SubCase A : If bidders are allowed to cooperate with other bidders : Best Strategy is "One nominated bidder goes for the lowest amount, nobody else bids, winner shares the profits with all bidders". Guaranteed profit for all bidders.
SubCase B : If no way to cooperate with other bidders, and any number of people can bid at the same time : Best Strategy is "Do not bid". If you do bid, and somebody else also bids simultaneously, then you both lose money eventually.
SubCase C : If no way to cooperate with other bidders, but only one person at a time can bid (Example : there is always some order in which people can either bid or skip bidding in current state) : Best Strategy is "Do not bid, unless you are the first bidder". Nobody else will bid against you, because they know that you will both lose money. Guaranteed profit for one bidder who may choose to share the profit.
What SubCase C means is : If auctioneer goes around asking "B1, do you want to bid ?" "B2, do you want to bid ?" "B3, do you want to bid ?" "B4, do you want to bid ?", and back again, then only B1 should say "YES". If two more more people say "YES" , then they will all lose money.

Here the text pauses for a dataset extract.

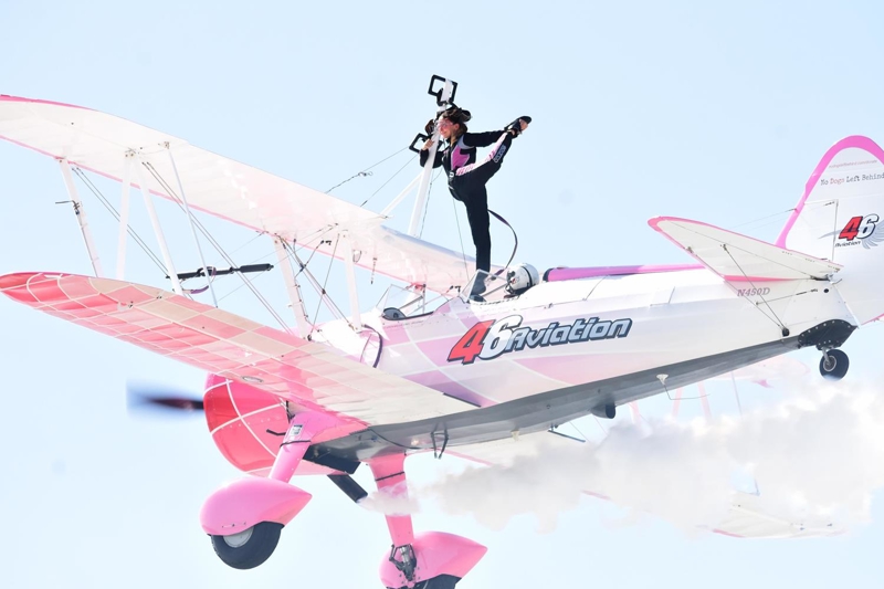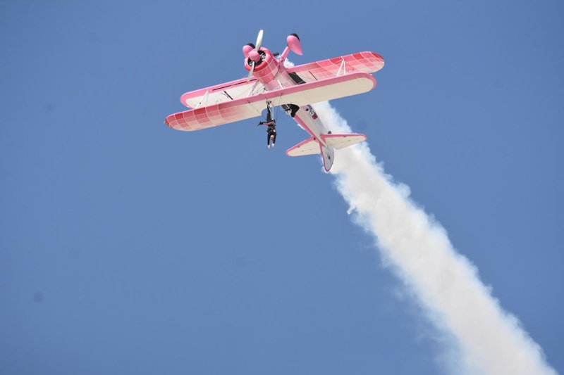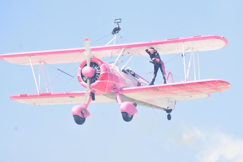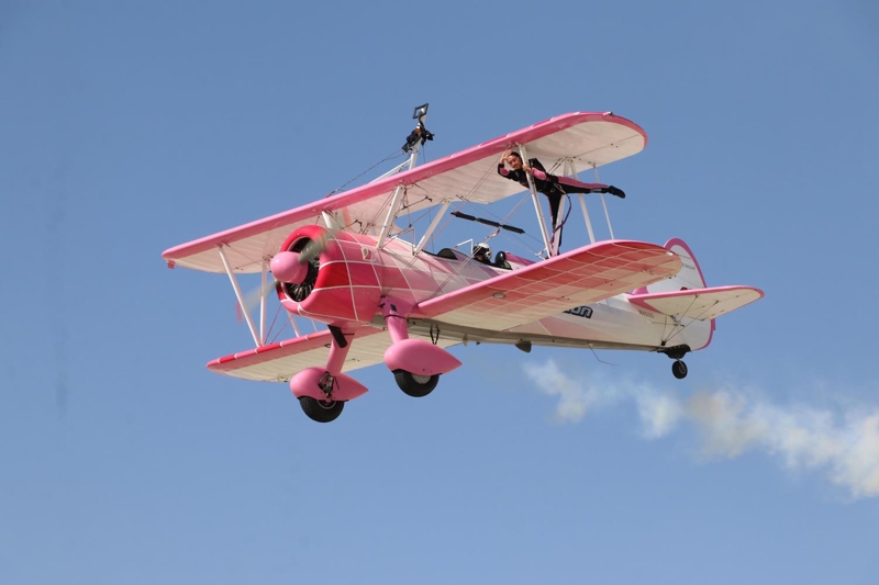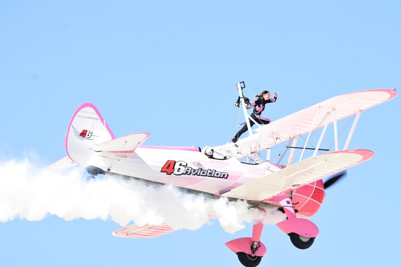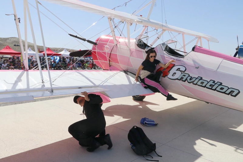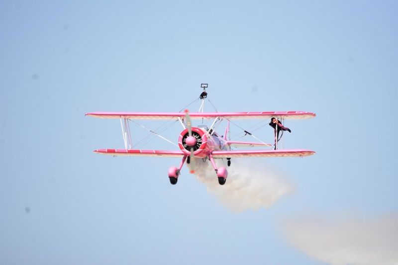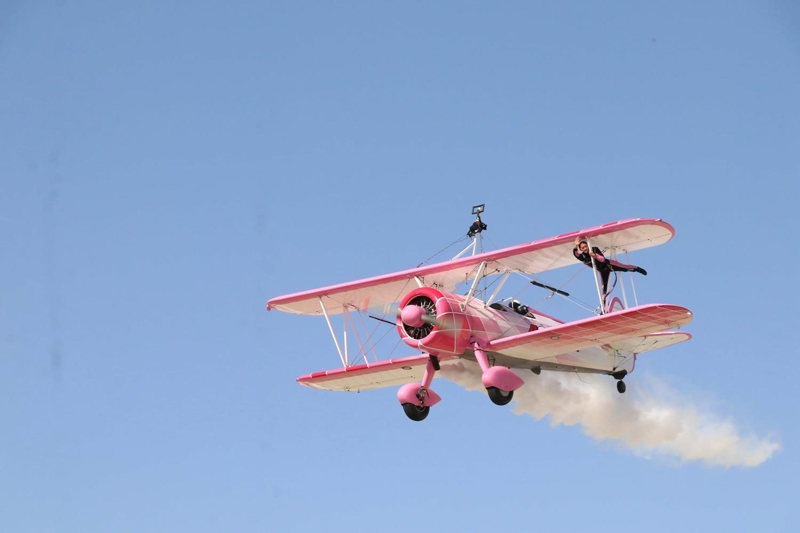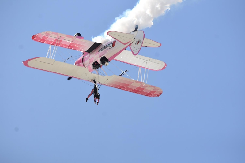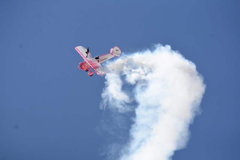 Bazı manevralarda özel bir aparatla kendini uçağın üzerine sabitleyen Danielle Del Buono'nun uçağın kanadının üzerinde ve kanatlar arasında sunduğu gösteri izleyenleri heyecanlandırdı.

Case II: Bidders are humans, so some of them may deviate from the perfect strategy.

For all three SubCases above, in case II : Let us say the best strategy involves bidding. What happens if somebody deviates from that strategy ? Two or more people will lose money.
So Best Strategy for all SubCases must be "Do not bid".

ANSWER EDIT: As per Question Edit: Bidders are anonymous, and do not form contracts. So SubCase A can be removed from the list, leaving only SubCase B & SubCase C.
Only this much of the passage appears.